A (MS): To describe leader election mechanism.
- JZ comment:
(in algorithm) 4. LS1 waits for some amount of time
- MG comment:
As far as I understand JZ proposed constant amount of time rather than time evaluated dynamically. But my concern is that time set once may be too low in case of many new LSes come or holding token time increases (if many metadata). Then new token will be generated very often. In my opinion there should be an algorithm for computing token rotation time (I thought it was realted to TTRT). Next idea could be to start from pre-set time and then compute time basing on previous token rotation times (with assigning some weight. All nodes could save their last timestams into token and the leader would evaluate full-rotation time (x2 or something). It'd be smart and quite easy to be implemented.
- MS comment:
(...) there is some concern about the token rotation time. I agree with Maciej that computing the summary on the fly will cause delay. But again, I think that we can say that the leader computes the TTRT and for day 1, it can be as simple as "2 minutes X #nodes." Easy. Get more complicated as we need to. And again, that should not be a barrier to getting started.
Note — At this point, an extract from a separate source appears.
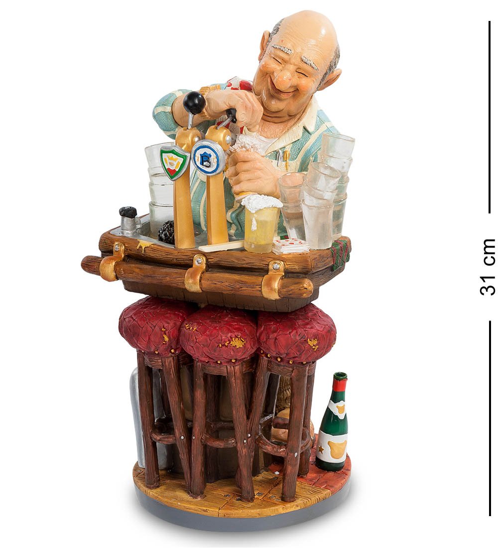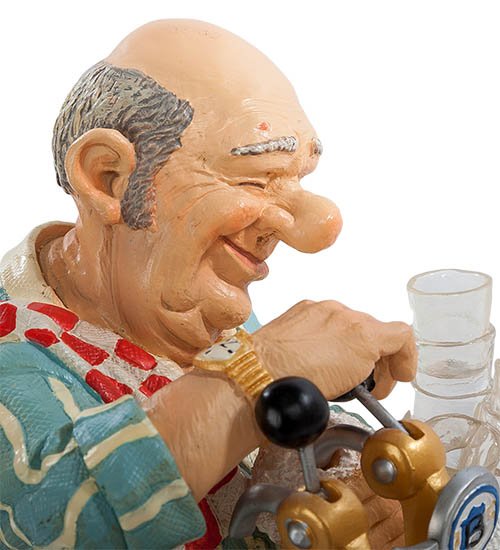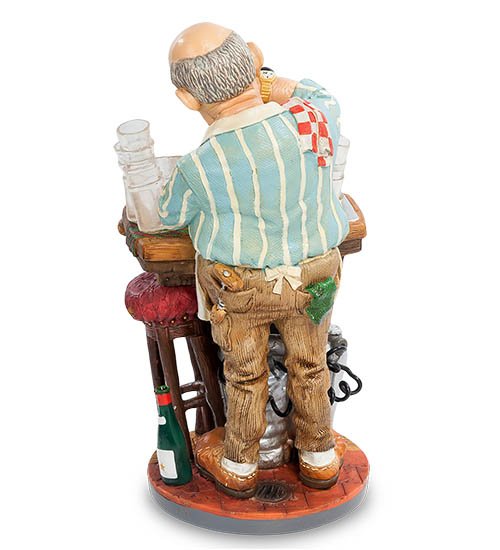 Забавная фигурка "Бармен" явно была создана дизайнерами с чувством юмора! Невероятный заряд позитива исходит от этого жизнерадостного персонажа! Благодаря таланту мастеров, искусной проработке деталей и цветовому решению, перед нами открывается целая картина. Посмотрите, как весело смеется над очередной историей этот мастер своего дела, как удивительно точно проработаны черты его доброго, уже немолодого лица.

Token algorithm - who updates what?
A (MG): To propose solution for the updates in token rotation algorithm [done]
- MG comment:
When receiving the token the LS must update its local peer list (LSRing) but it should update the token peer list as well (add newly joined LSes)
- JZ Comment:
This is listed as done above, but this is an ongoing discussion in e-mail (unless the thread has been dropped).
Deadlines
A (all): Deadlines are known to all and we do our best to keep them.
- JB comment:
My biggest concern is in getting the document finalized before we have real-world deployments. I'm all for test deployments before that to try out some of these things.
- ST comment:
Our target date for prototype is end of this year and we must do our best to keep it. In the other case Nicolas will kick us off the project (the next release which should include dLS is planned even earlier)
- MG comment:
We need to address all open issues as quick as possible and begin the implemnetation (even if we do not finalize all things)
- JZ comment:
Because we will be working independently for the most part I am not in favor of leaving parts of the document unspecified (even a rough level of specification is very necessary). I understand there are deadlines to meet but creating sound, inter-operable software should be the most important aspect we are trying to achieve, and the specification is the first step in this.
- JB comment:
I agree we should do our best to keep to timelines.
Discovery Algorithm
A (JB, MS): To work on a more detailed description of discovery algorithm.
- new comment:
In fact, new section
- JB comment:
Success must *always* also return the referral to the next higher scope. Otherwise, a positive match in the local scope will hide any potential matches in a remote scope.
- "MS comment"
+1 except, it we should stop referring "up" when we get to someone who know there's nothing up there. The lower scope leader will know. (Here's a place where lower and upper don't make sense and where local and global make more. If the "upper" scope is internet2.edu and I'm in slc.internet2.edu, then I have to go to something that touches the global scope.
It might make sense to add something to the summarization algorithm here. If the leader LS sees something on both upper and lower scopes that match, it sends a pointer annotation down.